The house was completed in 1913. The estate owner and engineer Vladimir Khrennikov hired a young architect Pyotr Fetisov to develop the project. Another architect, Lyudomir-Flavian Khoynovsky, also participated. The idea to build a house in a traditional Ukrainian style belonged to a historian Dmytro Yavornytsky, who lived in Yekaterinoslav and knew Khrennikov.

Vladimir Khrennikov was the son of merchant Nikolay Khrennikov and Lyubov Belyavskaya, a daughter of merchant Prokofy Belyavsky, who on two occasions was elected the mayor of Yekaterinoslav.
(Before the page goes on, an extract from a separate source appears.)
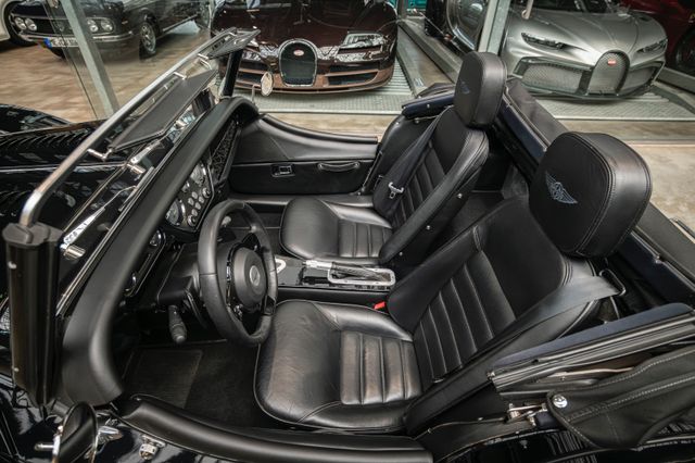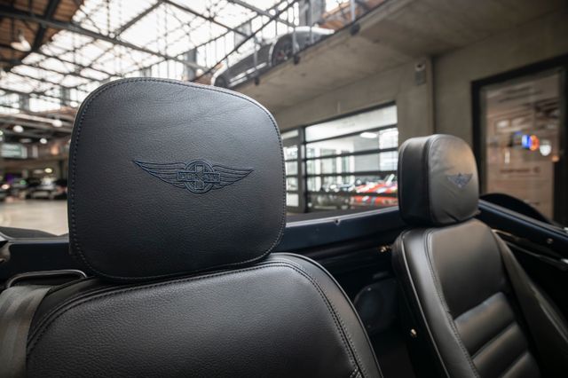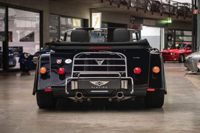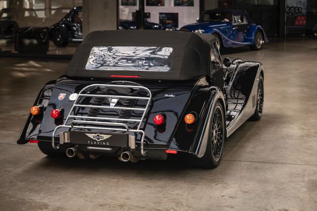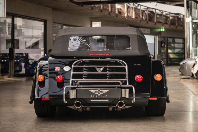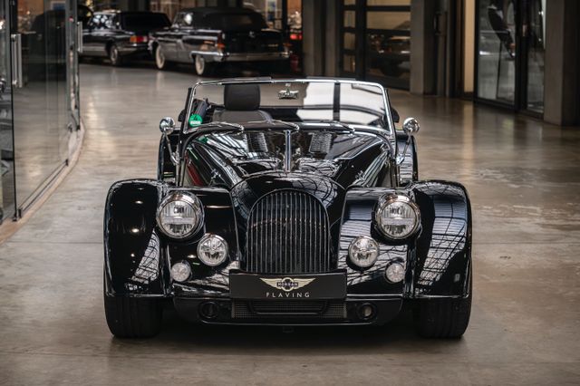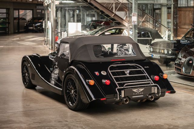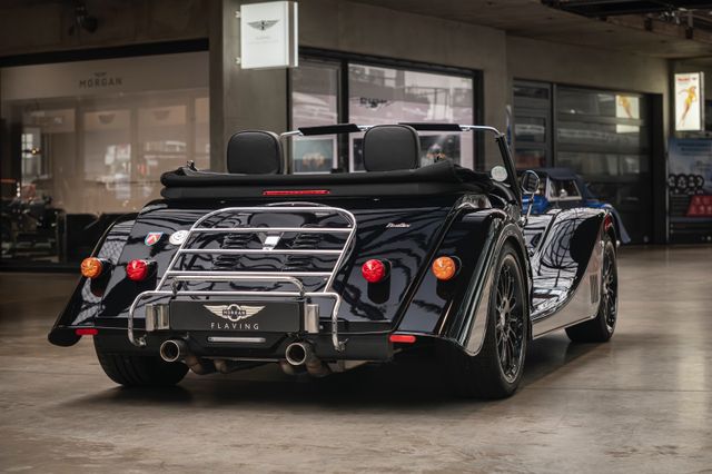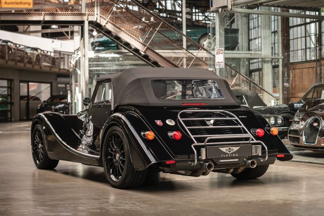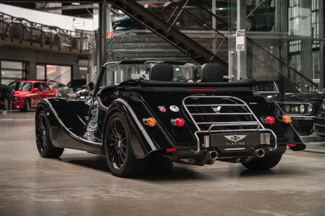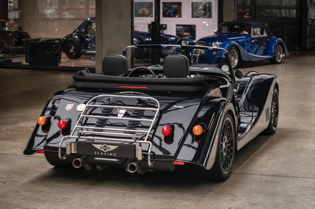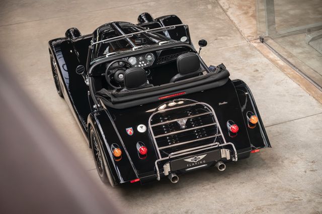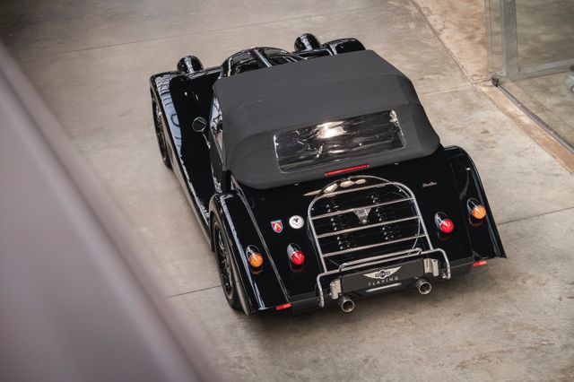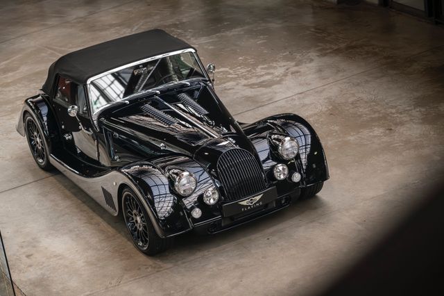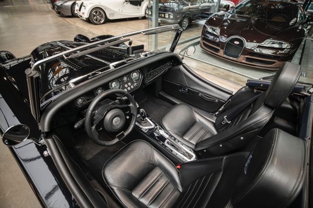 Black is beautiful - Unter diesem Motto steht dieser Morgan Plus Six den wir nun im Kundenauftrag anbeiten. Lackiert ist der Plus Six in der Range Rover Metallic-Farbe Java Black und steht auf schwarz lackierten 19" Leichtmetallrädern. Passend zum homogenen Erscheinungsbild ist vorn auch der Kühlergrill samt Grillgittern schwarz lackiert und das Verdeck besteht aus schwarzem Mohair Stoff. Für kleine Farbtupfer sorgen die weißen Blinker vorn und seitlich, der polierte Edelstahl Gepäckträger sowie die Sportabgasanlage mit polierten Endstücken. Das Interieur ist bezogen mit schwarzem Pebble Grain Leder. Durch den erweiterten Lederumfang sind die Seitenwände des Getriebetunnels und die Einstiege ebenfalls beledert. Das Armaturenbrett und die Mittelkonsole sind in Wagenfarbe lackiert, die Lenkradmittelplatte in hochglanz Schwarz.Die Comfort Plus Sitze weisen eine horizontale Steppung auf, die Kopfstützen sind bestickt mit der berühmten Morgan-Schwinge in schwarzem Faden. Eine Sitzheizung, eine Kälteanlage, ein Bluetooth Soundsystem, zwei USB Anschlüße sowie ein abschließbares Fach hinter den Sitzen sorgen für erhöhten Reisekomfort.Der Morgan Plus Six wurde seinerzeit neu über Morgan Flaving ausgeliefert und regelmäßig gewartet.

Khrennikov inherited the estate from his mother. He graduated from Imperial Petersburg Institute of Technology and travelled around Europe before returning to Yekaterinoslav at around 1905. The estate where the house is not standing was occupied by trading arcades built before 1870 by Belyavsky. Khrennikov, who was a sympathisant of Ukrainian national movement, decided to demolish the trading arcades and to build a revenue house in the Ukrainian Art Nouveau style. The construction lasted between 1910 and 1913; in parallel, one of the renters of the old building refused to move out and had to be sued. The new rental agreements started from 1 January 1914. In 1914, a cinema was opened in the building, and the lower floors were occupied by shops and warehouses. The upper floors were in 1915 rented to the Emperor Nicholas II First Commercial School, which had its own building used for a military hospital. The room was insufficient for the school, which had to cut a number of incoming students.

The building has a complicated shape with a central tower with a spire looking at the street crossing. The walls are white, except for two large paintings made of maiolica. There are many details, including arches and windows, which are clearly inspired by real or imaginary architecture of the Zaporizhian Sich.

In 1918, after the October Revolution Khrennikov left the city, abandoning all of his properties. He remained in Russia and died in Kislovodsk in 1936. After 1920, the building housed the Central District Committee of the Communist Party, a central statistical office, a club, and an art museum, as well as a number of state and commercial organizations. The house was considerably damaged during World War II. In the 1950s, it was restored, and the hotel was housed in the building.